While experimenting with building a simple Twitter clone in Postgres, I found that I needed a way to parse hashtags and mentions from tweets like:

#example tweet - #testing with @postgresql

Imagine that we have a table called tweets defined with the following structure:

CREATE TABLE tweets (  
  id        uuid PRIMARY KEY NOT NULL DEFAULT uuid_generate_v4(),
  post      text NOT NULL,
  hashtags  text[] NOT NULL DEFAULT '{}',
  mentions  text[] NOT NULL DEFAULT '{}'
);

Wouldn't it be nice if the hashtag and mention tokens were automatically parsed when we INSERT posts into the tweets table like the following:

INSERT INTO tweets (post)  
VALUES ('#example tweet - #testing with @postgresql');

SELECT * FROM tweets;

                   id                  |                     post                   |      hashtags     |   mentions
---------------------------------------+--------------------------------------------+-------------------+--------------
 e133820e-7329-4852-b40b-6e9b7e2fa69d  | #example tweet - #testing with @postgresql | {example,testing} | {postgresql}
(1 row)

It turns out that this is pretty easy to achieve with Postgres! First we need to define a function to parse tokens from content and return an array of text.

CREATE FUNCTION parse_tokens(content text, prefix text)  
  RETURNS text[] AS $$
    DECLARE
      regex text;
      matches text;
      subquery text;
      captures text;
      tokens text[];
    BEGIN
      regex := prefix || '(\S+)';
      matches := 'regexp_matches($1, $2, $3) as captures';
      subquery := '(SELECT ' || matches || ' ORDER BY captures) as matches';
      captures := 'array_agg(matches.captures[1])';

      EXECUTE 'SELECT ' || captures || ' FROM ' || subquery
      INTO tokens
      USING LOWER(content), regex, 'g';

      IF tokens IS NULL THEN
        tokens = '{}';
      END IF;

      RETURN tokens;
    END;
  $$ LANGUAGE plpgsql STABLE;

Let's test it out by parsing hashtags from a tweet:

SELECT parse_tokens('#example tweet - #testing with @postgresql', '#');

       tokens
-------------------
 {example,testing}
 (1 row)

Parsing mentions from a tweet is just as simple:

SELECT parse_tokens('#example tweet - #testing with @postgresql', '@');

    tokens
--------------
 {postgresql}
 (1 row)

Now that our parse_tokens function is working, we need to define some triggers to parse hashtags and mentions when a tweet record is inserted or updated.

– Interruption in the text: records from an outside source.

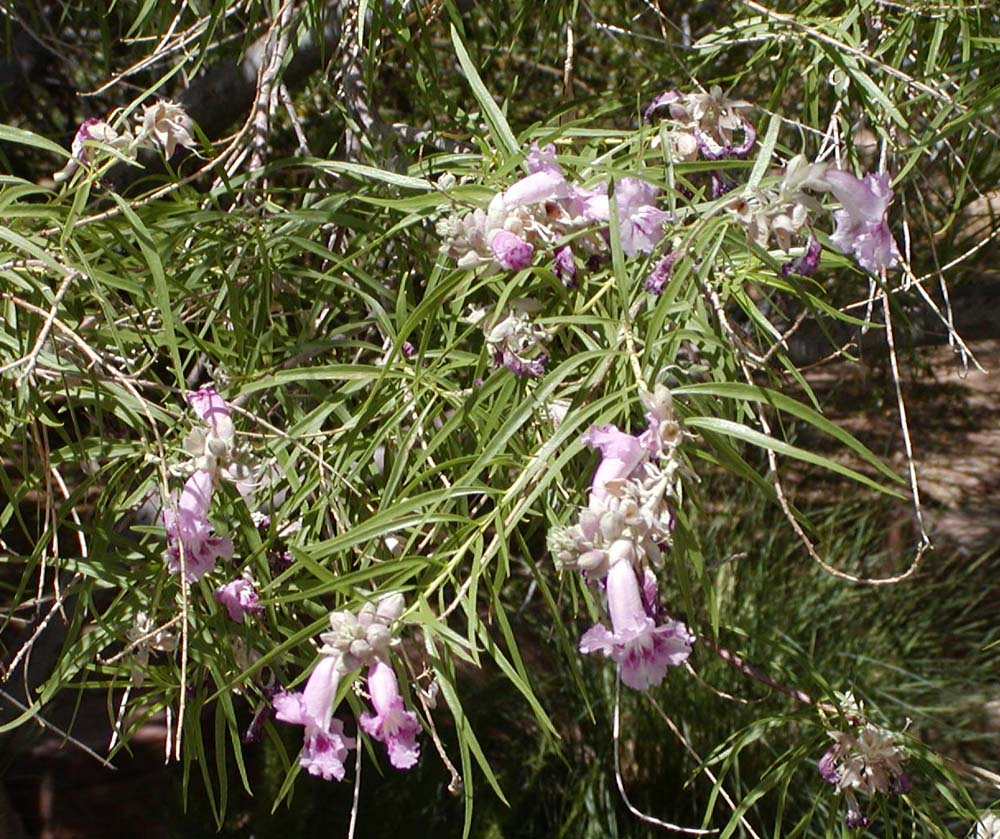 Photo of Chilopsis linearis (desert willow) at the Desert Demonstration Garden in Las Vegas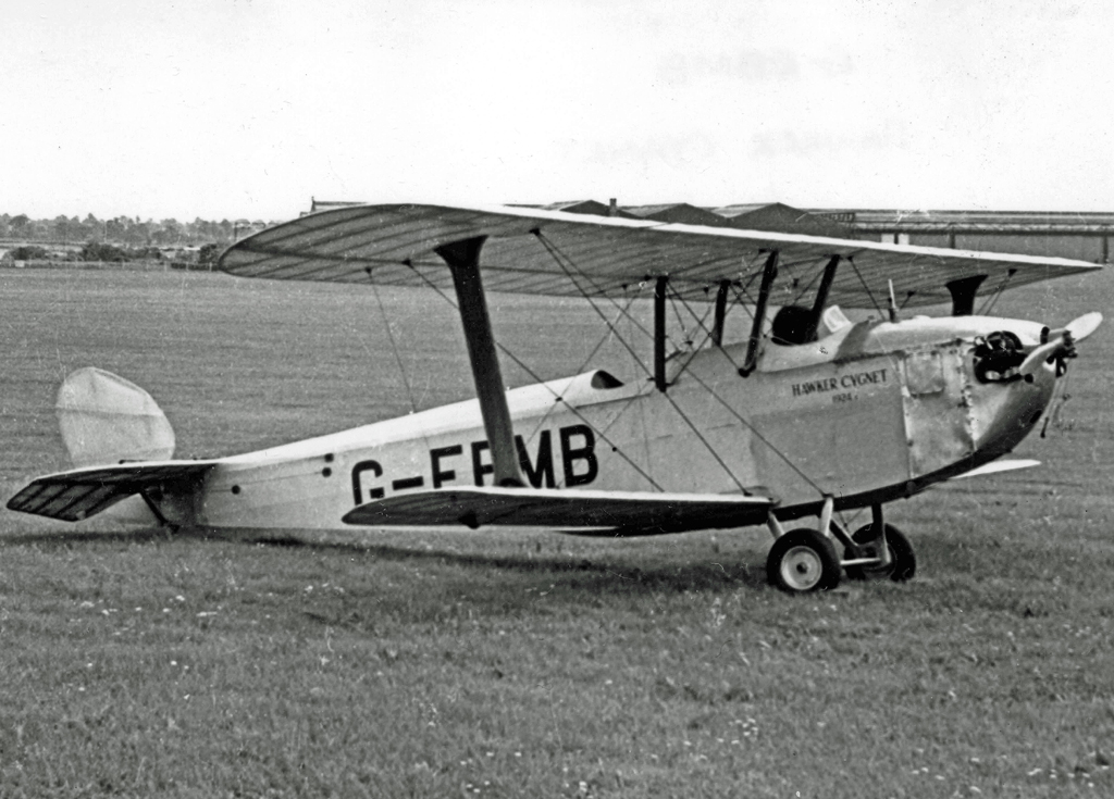 Hawker Cygnet G-EBMB attending an air show at Coventry Airport in 1954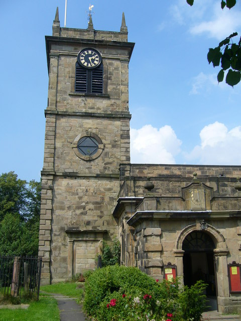 Church Tower. Church of Saint Thomas Becket,built AD 1225. To the left of the tower is a stone column with a sun-dial on top,protected by metal railings, which is some 300 years old. The sun-dial affixed to the church porch was showing 1pm, when the correct time was 2.30pm. Allowing for BST, it is still half an hour wrong! For close-up, see picture903882.

CREATE TRIGGER parse_hashtags  
  BEFORE INSERT OR UPDATE ON tweets
  FOR EACH ROW EXECUTE PROCEDURE parse_hashtags_from_post();

CREATE FUNCTION parse_hashtags_from_post()  
  RETURNS trigger AS $$
    BEGIN
      NEW.hashtags = parse_tokens(NEW.post, '#');
      RETURN NEW;
    END;
  $$ LANGUAGE plpgsql;

CREATE TRIGGER parse_mentions  
  BEFORE INSERT OR UPDATE ON tweets
  FOR EACH ROW EXECUTE PROCEDURE parse_mentions_from_post();

CREATE FUNCTION parse_mentions_from_post()  
  RETURNS trigger AS $$
    BEGIN
      NEW.mentions = parse_tokens(NEW.post, '@');
      RETURN NEW;
    END;
  $$ LANGUAGE plpgsql;

Now when we create or update tweets the hashtags and mentions fields are automatically updated! This whole process was pretty fun and interesting to get working. I look forward to attempting to push even more logic down into Postgres!